_Action item_.
Once the line holding "Multicolor Color Block" is written out, stop; begin at the first line of the material below and retype exactly, dropping pictures.

_Recorded information_.
........

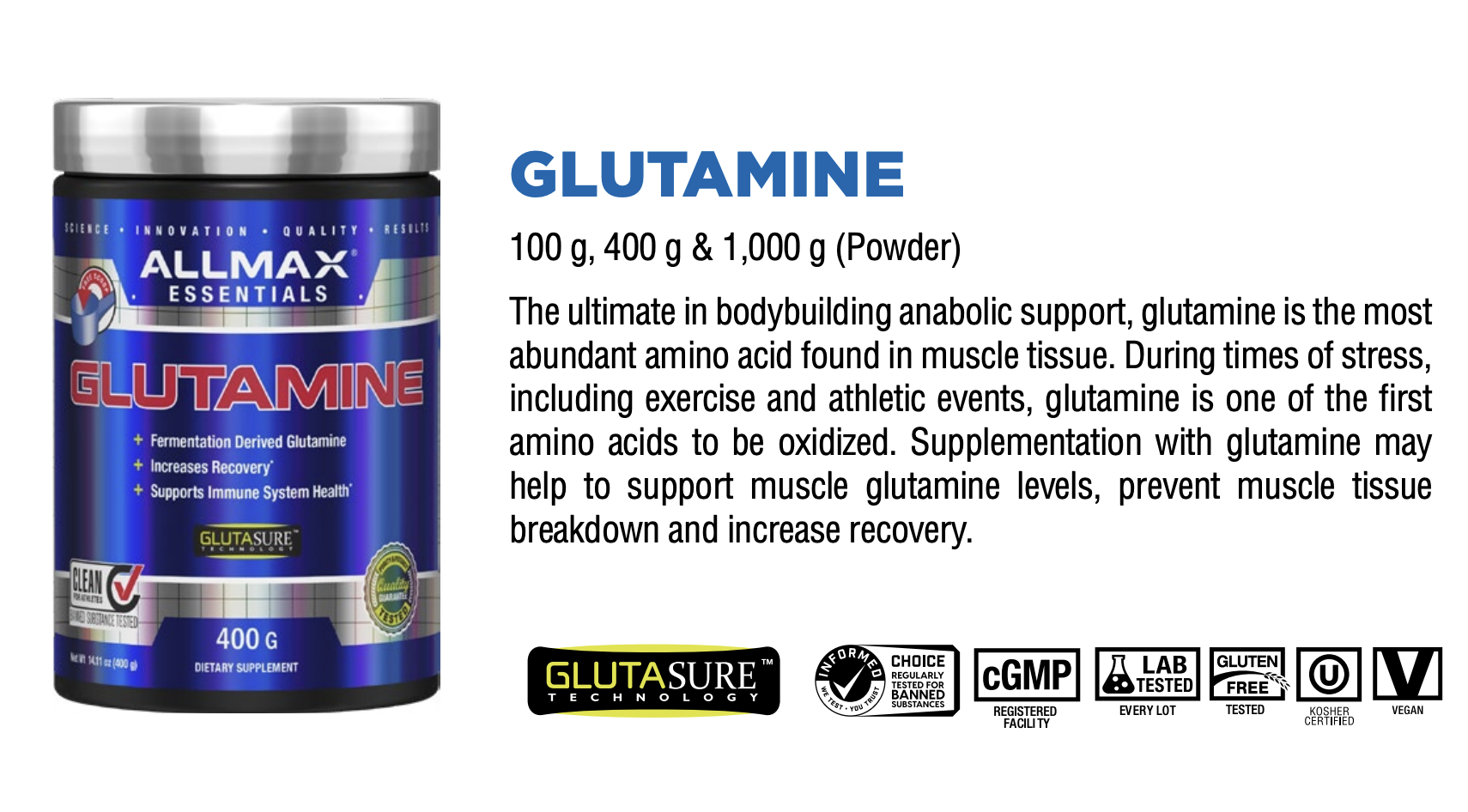 The ultimate in bodybuilding anabolic support, glutamine is the most abundant amino acid found in muscle tissue. During times of stress, including exercise and athletic events, glutamine is one of the first amino acids to be oxidized. Supplementation with glutamine may help to support muscle glutamine levels, prevent muscle tissue breakdown and increase recovery.
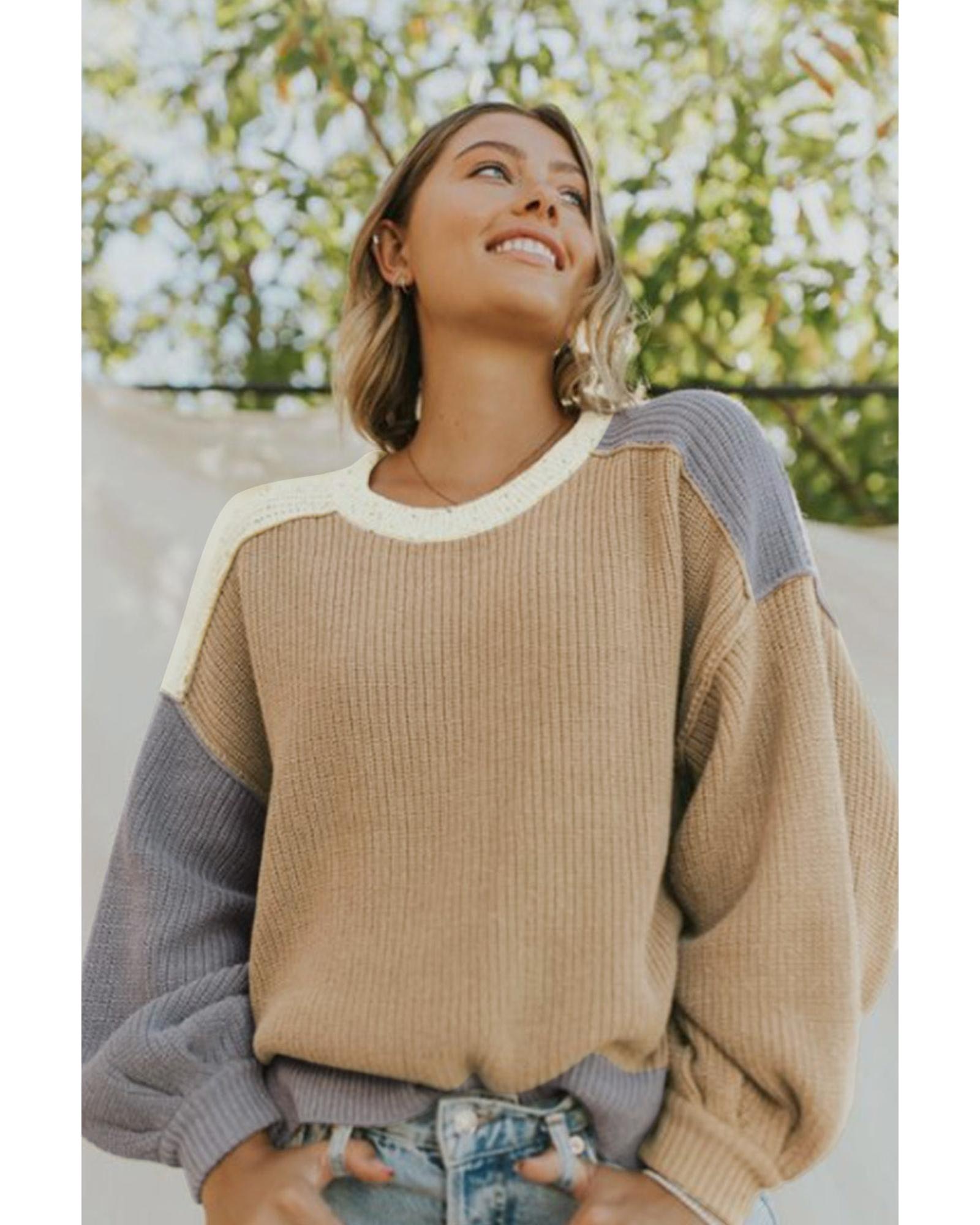 Multicolor Color Block Patchwork Baggy Sweater – L
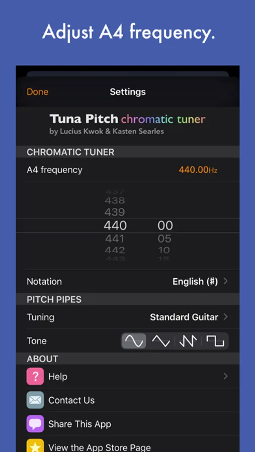 • Editable A4 reference frequency, with A440 standard tuning (A4 = 440Hz).

........

_Answer to this task_.
 The ultimate in bodybuilding anabolic support, glutamine is the most abundant amino acid found in muscle tissue. During times of stress, including exercise and athletic events, glutamine is one of the first amino acids to be oxidized. Supplementation with glutamine may help to support muscle glutamine levels, prevent muscle tissue breakdown and increase recovery.
 Multicolor Color Block Patchwork Baggy Sweater – L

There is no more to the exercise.